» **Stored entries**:

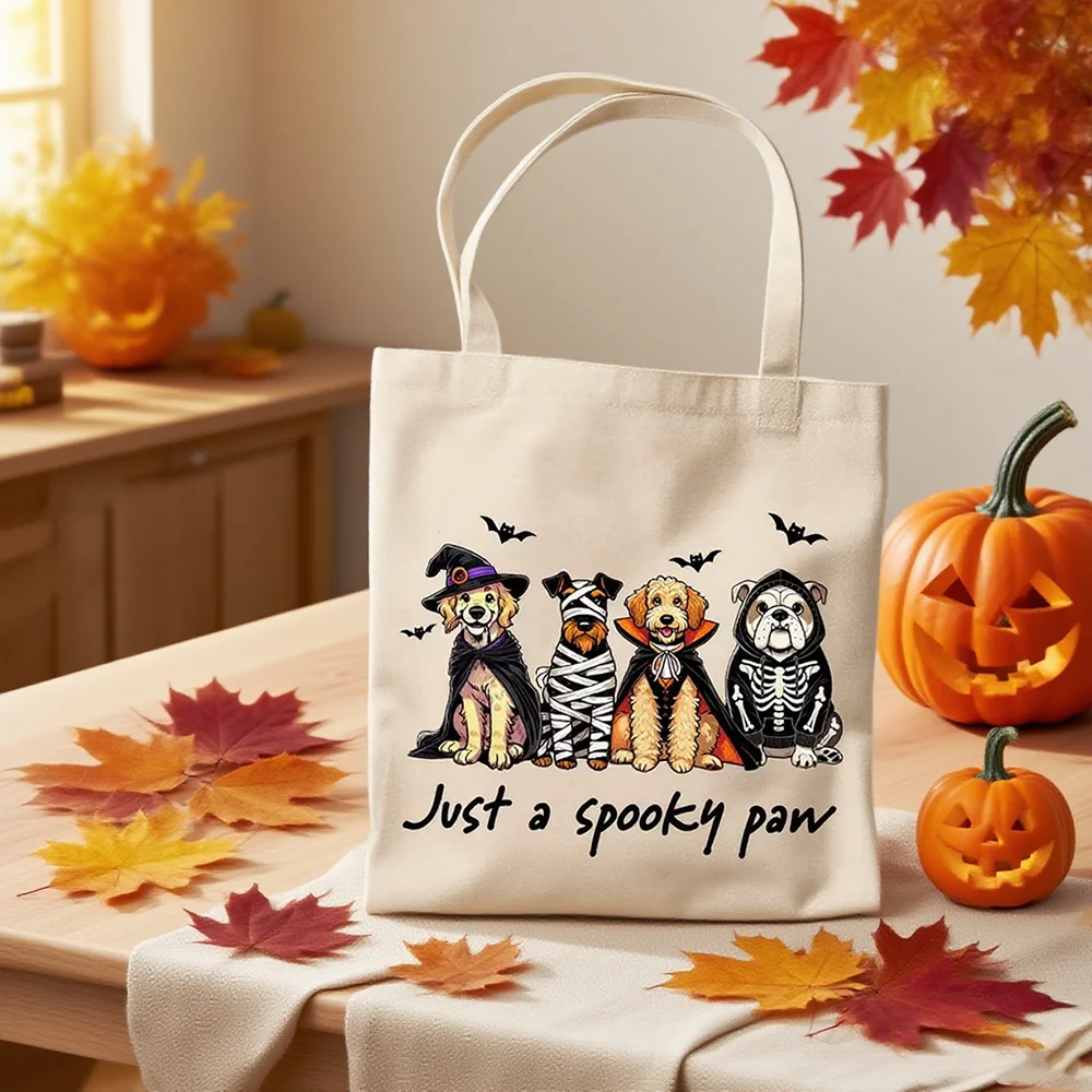 1.Adorable Halloween Dog Tote Bag: This 34x42cm Canvas Bag features four cute dogs dressed as a witch, mummy, vampire, and skeleton, with the playful "Just A Spooky Paw" phrase, making it a must-have for Halloween and a delightful Dog Lover Favor.
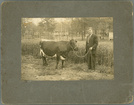 Photograph of Tom Bennett posing with a cow Clemson University Libraries Photograph of Tom Bennett, general manager of Brandon Mills, posing with a cow, standing in a corn field
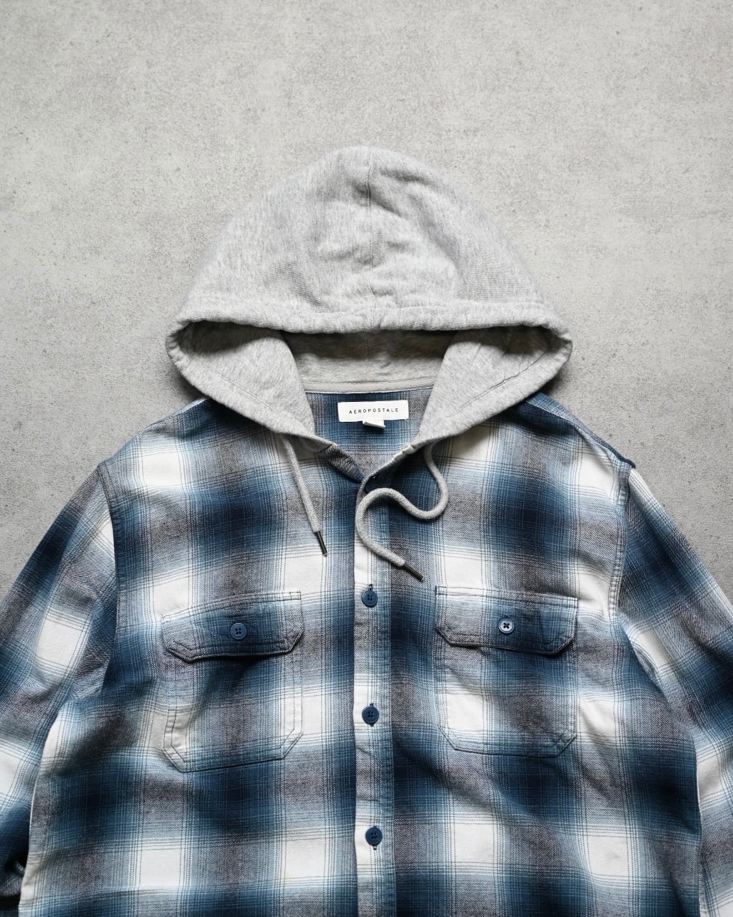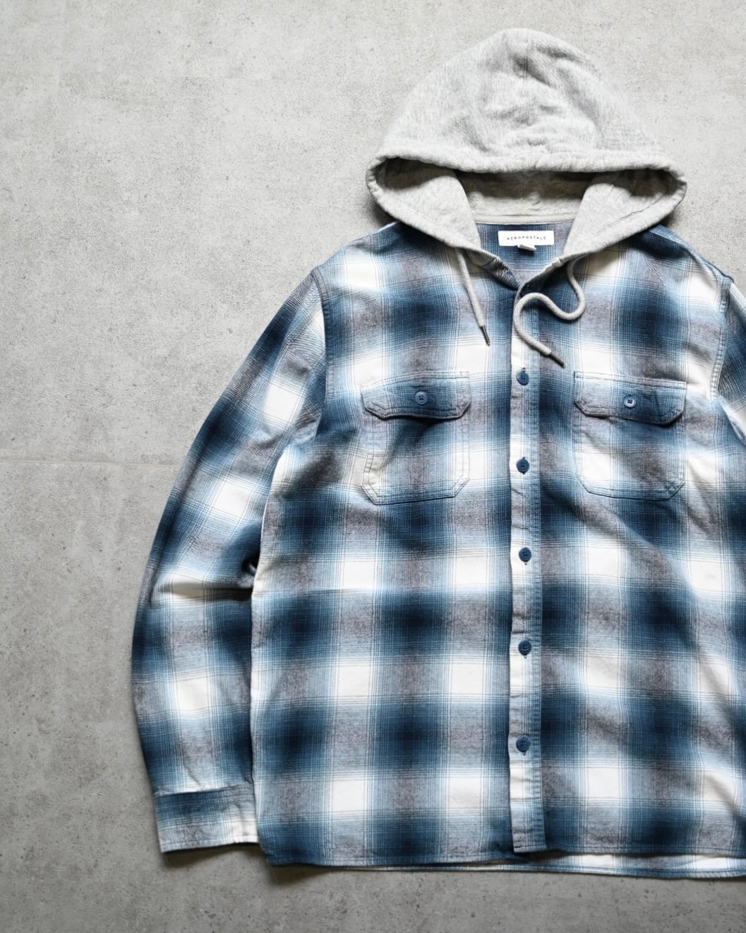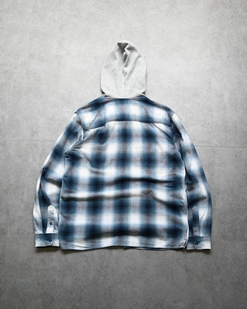 フードをレイヤードした様な一体型フーデットシャツデザインにブルー×ホワイトの高配色チェックパターン。
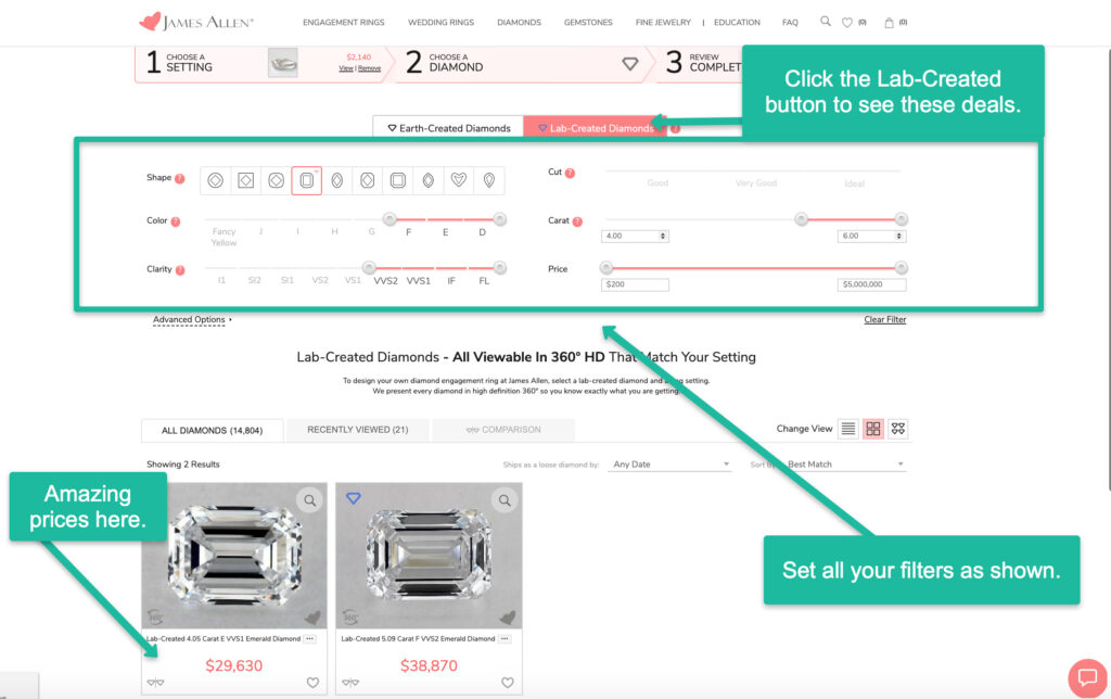 Here’s how to get that deal at James Allen, beating Costco’s deal, in two steps
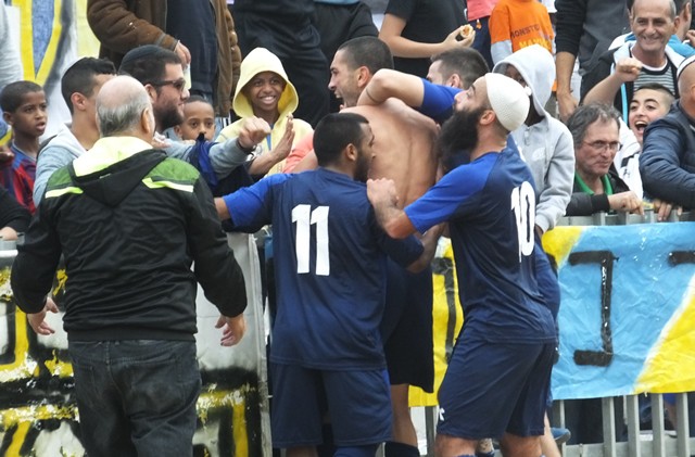 דקה לאחר מכן, מאור מרציאנו מוצא בדיוק מופלא את רגלו של אמיר עזרא שדוחק מקרוב את השני לטובת השיכון. אמיר לא יודע את נפשו ברגעים הללו, מוריד את החולצה ורץ לחגוג עם אוהדי הקבוצה. בסיום החגיגה, מקבל את הצהוב המוצדק משופט המשחק באהבה גדולה.
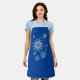 Este delantal se muestra en una estampación de copos de nieve de feriado de Navidades festivos. Color Sapphire Straps Personalizar blanco este artículo o compra como está. Puede elegir otro color de correa. Imagen de stock
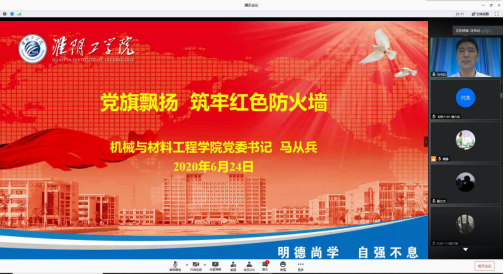 6月24日下午,williamhill英国党委书记马从兵以“党旗飘扬,筑牢红色防火墙”为题,在线为全体师生党员上党课。

» **INSTRUCTIONS TO FOLLOW**: Take the line that contains "דקה לאחר מכן, מאור" and every line after it down to the last line of the entries above, and output them exactly, with nothing else and no pictures.

» **TASK RESPONSE**:
 דקה לאחר מכן, מאור מרציאנו מוצא בדיוק מופלא את רגלו של אמיר עזרא שדוחק מקרוב את השני לטובת השיכון. אמיר לא יודע את נפשו ברגעים הללו, מוריד את החולצה ורץ לחגוג עם אוהדי הקבוצה. בסיום החגיגה, מקבל את הצהוב המוצדק משופט המשחק באהבה גדולה.
 Este delantal se muestra en una estampación de copos de nieve de feriado de Navidades festivos. Color Sapphire Straps Personalizar blanco este artículo o compra como está. Puede elegir otro color de correa. Imagen de stock
 6月24日下午,williamhill英国党委书记马从兵以“党旗飘扬,筑牢红色防火墙”为题,在线为全体师生党员上党课。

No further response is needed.